The gun at the palace. The King was starting from the Quirinal. All the scattered cries and laughs and voices were welded together into one long quavering roar of satisfaction and excitement.
There—again! and nearer at hand this second gun.
The cheers rise higher, sink deeper. He is coming, the young soldier King, the master of Italy, the popular hero. See! hats are waving, men are shouting,—the infection of enthusiasm catches and runs like fire along the line of eager, expectant faces. Here he comes. The roar lifts, swells, grows louder and louder; the military bands on either side of the piazza break with one accord into the triumphant ringing rhythm of the royal march. They have seen the troops defile before them with scarcely a sign of interest; but now, at sight of that little isolated group of riders with the plumed and glittering helmets, there comes one mad instant of frantic acclamation, when every man in that crowd feels that he too has some part and possession in all the compelling, alluring splendor and success in life.
And just behind the royal cavalier, among the glittering group of aides-de-camp, rode the young Marchese Balbi. He was so near that Dino could scarcely believe their eyes did not actually meet; but if Gasparo recognized him he gave no sign, riding on with a smile upon his happy face, his silver-mounted accoutrements shining bravely in the sun.
And so, for the first time, the doomed King passed by.
Dino scarcely heeded him; at that moment he had forgotten everything unconnected with the sight of that one familiar face. His mother, his old home,—Italia even,—had grown dim and unreal; he forgot them all in the sensation of that quick rush of renewed affection. All the old pride, the old delight, in Gasparo, which had made so great a part of his boyhood, came back upon him with the irresistible claims of reawakened tenderness. He was there to commit a murder; and out of all that crowd he saw only the one face which he knew—and he loved it.

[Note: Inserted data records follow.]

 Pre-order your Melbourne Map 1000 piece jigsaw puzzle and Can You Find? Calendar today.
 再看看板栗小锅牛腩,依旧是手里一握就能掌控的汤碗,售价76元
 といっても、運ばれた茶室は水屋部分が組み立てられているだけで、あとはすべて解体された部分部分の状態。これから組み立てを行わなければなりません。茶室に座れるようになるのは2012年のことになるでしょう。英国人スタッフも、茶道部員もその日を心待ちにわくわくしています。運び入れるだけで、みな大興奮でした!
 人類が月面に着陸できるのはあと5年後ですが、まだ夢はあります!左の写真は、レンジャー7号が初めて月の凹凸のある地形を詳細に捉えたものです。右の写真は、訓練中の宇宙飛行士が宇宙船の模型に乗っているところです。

That curious sense of floating away, far away from everything living, fell upon him again. He lost all count of time. He could never tell how long it was before he heard little Palmira cry out in shrill tones of childish excitement:
“I see him, Dino. There he comes again. The King, the King all in gold!”
Dino started; it seemed to him as if he started wide awake. He drew himself up like a soldier standing at attention; his brain was steady; his senses all alert. He watched eagerly; the white plumes were slowly advancing between the two serried ranks of the soldiery. He waited until he could distinguish the King’s face distinctly; he saw him lean a little forward and pat his restive horse——
And then, without turning, he gave Valdez the preconcerted signal.

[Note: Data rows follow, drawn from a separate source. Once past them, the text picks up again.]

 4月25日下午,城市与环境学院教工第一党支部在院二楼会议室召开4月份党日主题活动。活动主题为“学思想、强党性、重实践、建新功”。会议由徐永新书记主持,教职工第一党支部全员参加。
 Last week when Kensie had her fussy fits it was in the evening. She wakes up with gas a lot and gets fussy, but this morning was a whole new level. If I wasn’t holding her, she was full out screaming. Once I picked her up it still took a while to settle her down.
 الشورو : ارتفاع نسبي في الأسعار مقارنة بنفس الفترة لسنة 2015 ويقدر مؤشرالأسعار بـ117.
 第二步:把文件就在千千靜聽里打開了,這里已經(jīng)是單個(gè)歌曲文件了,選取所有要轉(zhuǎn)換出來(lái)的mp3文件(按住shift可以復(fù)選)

And even as he raised the handkerchief to his lips he heard, not ten paces off, the sharp ringing report of a shot.
It was all over in an instant—the sound—the plunging of the frightened horses. He saw the white plume of the King pass by unscathed and Gasparo Balbi, who was riding nearest him, throw up his arms and fall buckward, quietly, into the rising cloud of dust.

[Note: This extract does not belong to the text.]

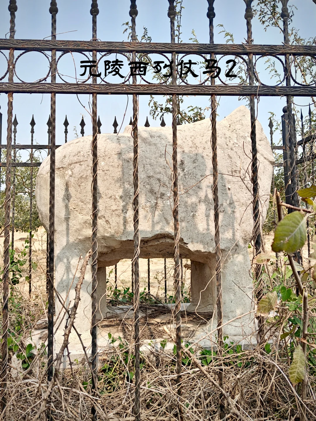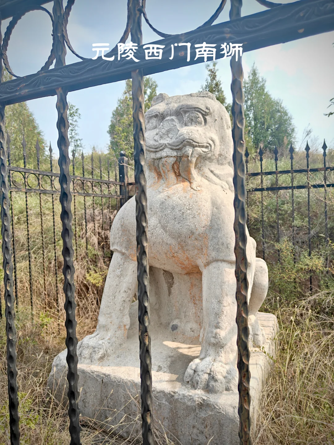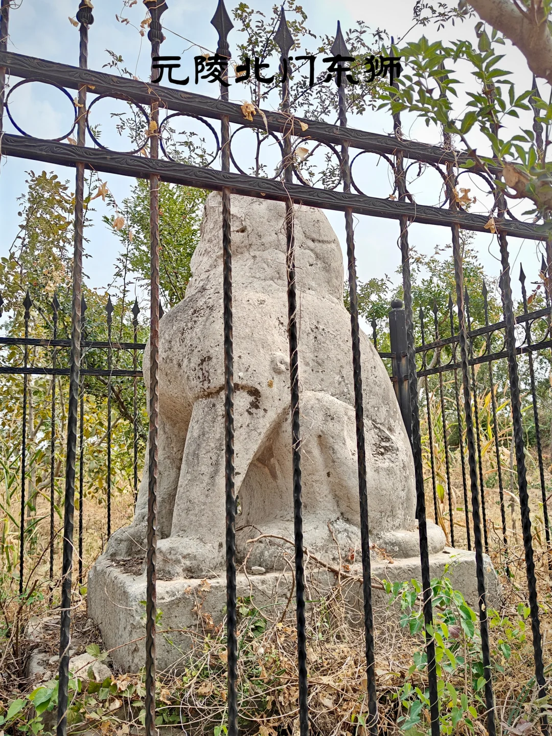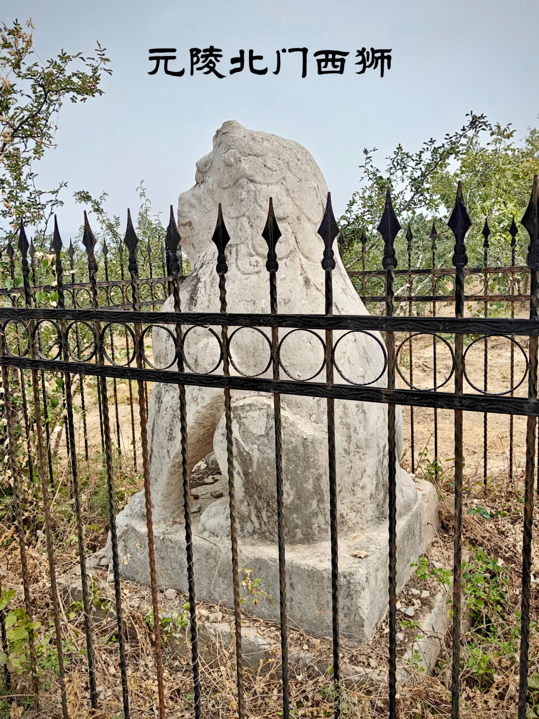 唐元陵内城陵园辟有四门,四门外各列置石狮一对,共8尊。 东门:东门北狮疑似埋入地下,东门南狮存于富平文庙; 南门:两狮均毁(官方勘探报告中称损毁严重); 西门:两狮均存(一个非常有意思的现象是石狮与门阙之间的距离较远,很奇特); 北门:两狮均存。另存有5匹仗马,无控马官。

A great cry broke from the people all about him—it rang in his ears—it sounded far away like the beating of a furious tide upon the distant, distant shore. A blackness, a horrible blackness which he could feel, passed over his face like a cloud. And then he knew nothing more.
Some quarter of an hour later one of the two guardie who were helping to lift his insensible body into a street cab looked compassionately down at Dino’s clinched hands and pallid death-like face.
“’Tis no wonder the poor giovane fainted,” he said sympathetically, addressing the little crowd about him. “’Tis no wonder he fainted, Perdio! As it so happens I was looking straight at him,—he was not ten paces away from the villain who fired the shot.”